Seqanswers Leaderboard Ad

**pengchy** · 03-27-2013, 04:30 PM

It seems Trinity's In silico Read Normalization hasn't been publised.

**pengchy** · 03-27-2013, 04:46 PM

the following links may be helpful:

DigiNorm on Paired-end samples

DigiNorm on Paired-end samples - SEQanswers

http://seqanswers.com/forums/showthread.php?t=23612

Discussion of next-gen sequencing related bioinformatics: resources, algorithms, open source efforts, etc

What is digital normalization, anyway?

http://ivory.idyll.org/blog/what-is-diginorm.html

I'm out at a Cloud Computing for the Human Microbiome Workshop and I've been trying to convince people of the importance of digital normalization....

Digital normalization of short-read shotgun data

http://ivory.idyll.org/blog/diginorm-paper-posted.html

We just posted a pre-submission paper to arXiv.org: A single pass approach to reducing sampling variation, removing errors, and scaling de novo...

Basic Digital Normalization

https://wiki.hpcc.msu.edu/display/Bioinfo/Basic+Digital+Normalization

A Reference-Free Algorithm for Computational Normalization of Shotgun Sequencing Data

http://arxiv.org/abs/1203.4802

Deep shotgun sequencing and analysis of genomes, transcriptomes, amplified single-cell genomes, and metagenomes has enabled investigation of a wide range of organisms and ecosystems. However, sampling variation in short-read data sets and high sequencing error rates of modern sequencers present many new computational challenges in data interpretation. These challenges have led to the development of new classes of mapping tools and {\em de novo} assemblers. These algorithms are challenged by the continued improvement in sequencing throughput. We here describe digital normalization, a single-pass computational algorithm that systematizes coverage in shotgun sequencing data sets, thereby decreasing sampling variation, discarding redundant data, and removing the majority of errors. Digital normalization substantially reduces the size of shotgun data sets and decreases the memory and time requirements for {\em de novo} sequence assembly, all without significantly impacting content of the generated contigs. We apply digital normalization to the assembly of microbial genomic data, amplified single-cell genomic data, and transcriptomic data. Our implementation is freely available for use and modification.

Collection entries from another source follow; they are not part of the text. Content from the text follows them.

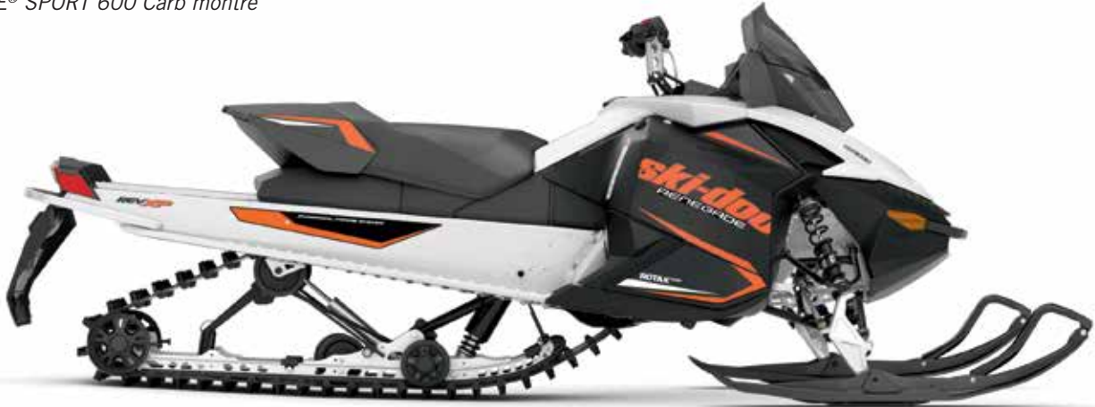
RENEGADE® SPORT 600 Carb montré
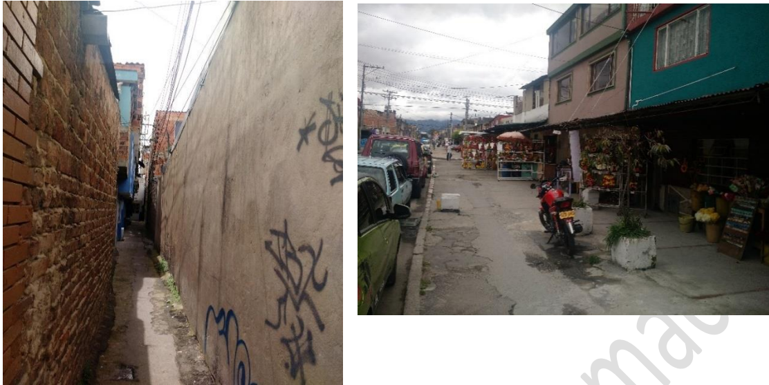
Figura 2. Morfologías barriales propicias a la ocurrencia de delitos, ubicado en la calle 23d entre carreras 106 y 107
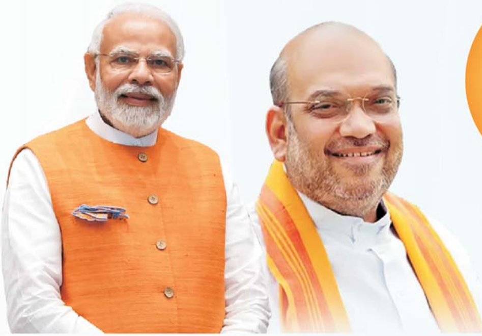
नरेन्द्र मोदी प्रधानमंत्री-भारत सरकार
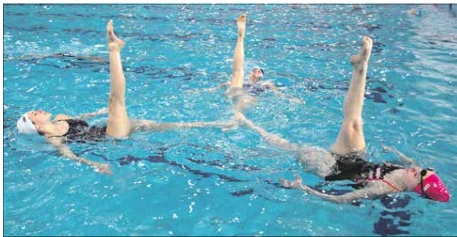
A SYNUS SC edzéslehetőségeiről, tanfolyamairól személyesen a MOM Sport Uszoda recepcióján, vagy a +36-30/953-7197, +36-30/397-5650 telefonszámokon és a synus.szinkron@gmail.com e-mail címen lehet érdeklődni.
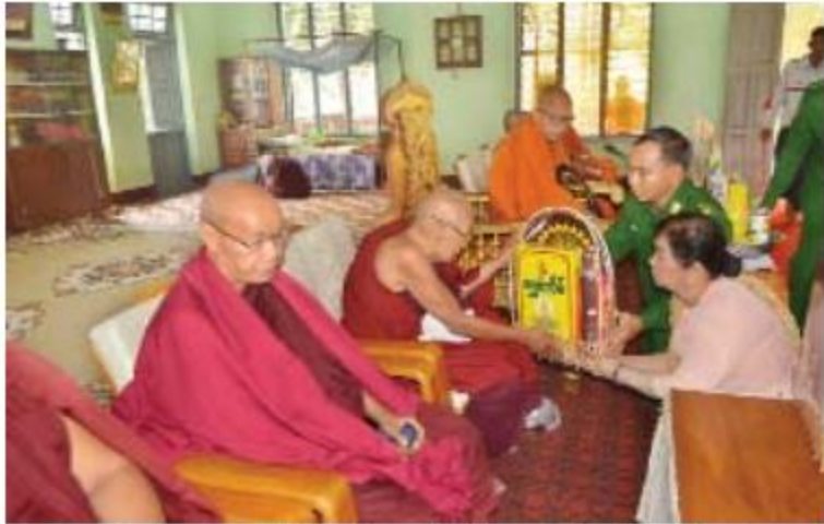
သံဃာတော်များထံ တောင်ပိုင်းတိုင်းစစ်ဌာနချုပ် တိုင်းမှူး ဗိုလ်ချုပ်မြတ်ကျော် သက်နိုးနှင့် လှူဖွယ်ပစ္စည်းများ ဆက်ကပ်လှူဒါန်းစဉ်။

နေပြည်တော် ၀၈ဖော်ဝါရီ ၁၄ ပဲခူးတိုင်းဒေသကြီး၊ တောင်ငူမြို့၊ မြစည်းခုံ စာသင်တိုက် (၄၉)ကြိမ်မြောက် တောင်ငူ ခရိုင်လုံးဆိုင်ရာ သုဓမ္မာပရိယတ္တိစာမေးပွဲ ဝင်ရောက်ပြေဆိုတော်မူကြသည့် သံဃာတော် အရှင်သုမြတ်များအား နေဆွမ်းသက်ကပ်လှူဒါန်းခြင်းကို ဖေဖော်ဝါရီ ၁၃ ရက် နံနက် ပိုင်းတွင် အဆိုပါစာသင်တိုက်ပြုလုပ်ရာ ကြာနီကန်ကျောင်းတိုက် ဦးစီးပဓာနနာယက ဆရာတော် အဂ္ဂမဟာပဏ္ဍိတ မဟာဂန္ထဝါစက ပဏ္ဍိတ အဂ္ဂမဟာဂန္ထဝါစကပဏ္ဍိတ ဘဒ္ဒန္တ သူရိယအမျှော်ပြသော သံဃာတော်များ ကြွ ရောက်တော်မူကြပြီး တောင်ငူတိုင်းစစ်ဌာနချုပ် တိုင်းမှူး ဗိုလ်ချုပ်မြတ်ကျော်နှင့် အရာရှိ၊ စစ်သည်၊ မိသားစုများ၊ စေတနာရှင်အလှူရှင် များနှင့် ဖိတ်ကြားထားသူများ တက်ရောက်ကြ သည်။ ဦးစွာ တိုင်းမှူးနှင့် တက်ရောက်လာကြ သူများက ကြာနီကန်ကျောင်းတိုက်ဆရာတော် ထံမှ ငါးပါးသီလခံယူဆောက်တည်ကြပြီး နောက် သံဃာတော်များ၏ ပရိတ်တရားတော် ရွတ်ပွားမှုများကို နာယူကြသည်။ ယင်းနောက် တိုင်းမှူးနှင့် တက်ရောက်လာ ကြသူများက သံဃာတော်များအား သက်နိုး နှင့် လှူဖွယ်ပစ္စည်းများ ဆက်ကပ်လှူဒါန်း ကြပြီး တောင်ငူခရိုင်အတွင်းရှိ စာသင်တိုက်
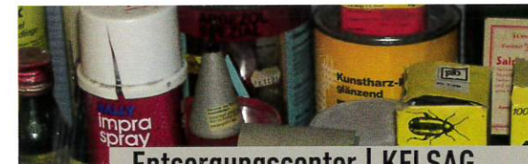
Entsorgungszentrum | KELSAG

2024 findet keine Sondermüllsamm lung statt.
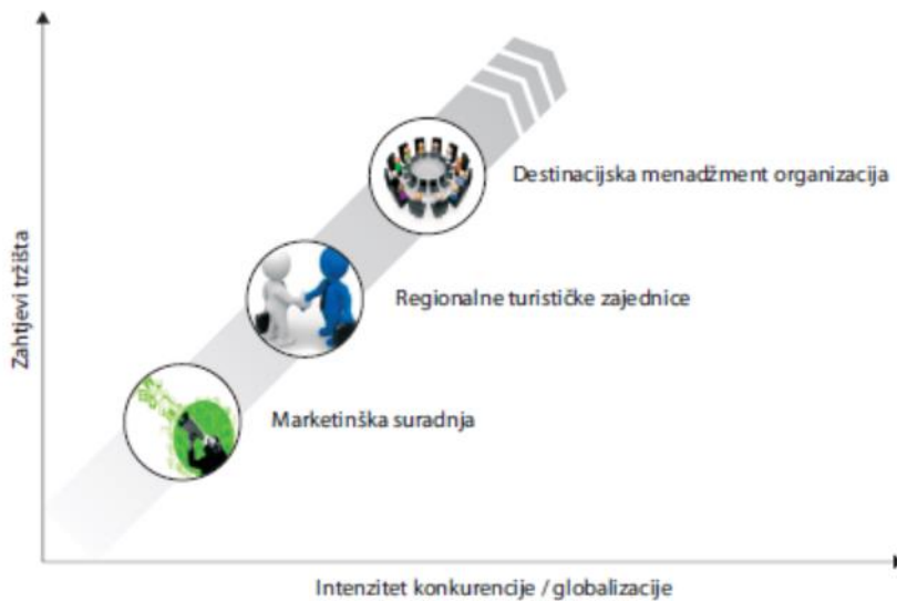
Slika 3. Povijesni razvoj modela upravljanja turizmom
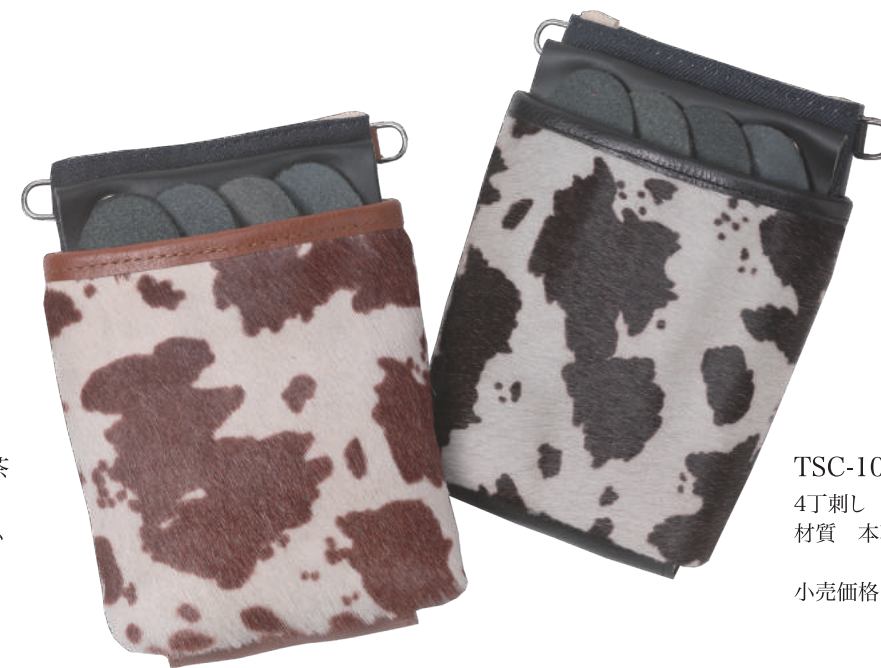
TSC-101CW 白茶 4丁刺し 材質 本革 裏 デニム
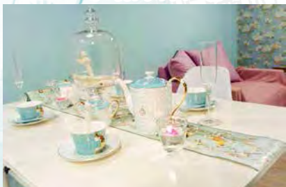
女生主題的partyroom，精緻的餐具常常吸引女性顧客照個不停。

A：雖然如此，現在party room已經出現飽和的情況，據我所知，現在有超過二十間party room分佈在觀塘不同的工廈區域。更甚的是，主題房間為了吸引顧客眼球，均投入巨大裝修費用。然而，因應使用者的消費能力，只能薄利多銷，好像不太划算。

What does Trinity's In Silico normalization do?

http://ivory.idyll.org/blog/trinity-in-silico-normalize.html

This post can be referenced and cited at the following DOI: http://dx.doi.org/10.6084/m9.figshare.98198. For a few months, the Trinity list was...

**AmyEllison** · 03-28-2013, 04:46 AM

Thanks pengchy!

I have read all already and was wondering if anyone had any experiences with their own data?

It has also been suggested to me to take all the reads from 1 individual (all tissue types) and assemble as there may be too much ambiguity with using multiple individuals.

The samples are clutch mates (frogs), but not inbred lines so there will be some variability between them and heterozygosity. But the question is with that option - which individual? Control or treated?

Any thoughts from you knowledgeable lot on seqanswers much appreciated!!

**pengchy** · 03-28-2013, 04:56 AM

Hi Amy,

I am preparing to do the work and glad to exchange the experience with you here when i finish the test.

best,
pch

**AmyEllison** · 03-28-2013, 05:05 AM

Great thanks!

I am running Trinity's method at the moment (would have liked to use Titus's more efficient version of Trinity's method but waiting for that to be installed) - it's been running for 2 days now.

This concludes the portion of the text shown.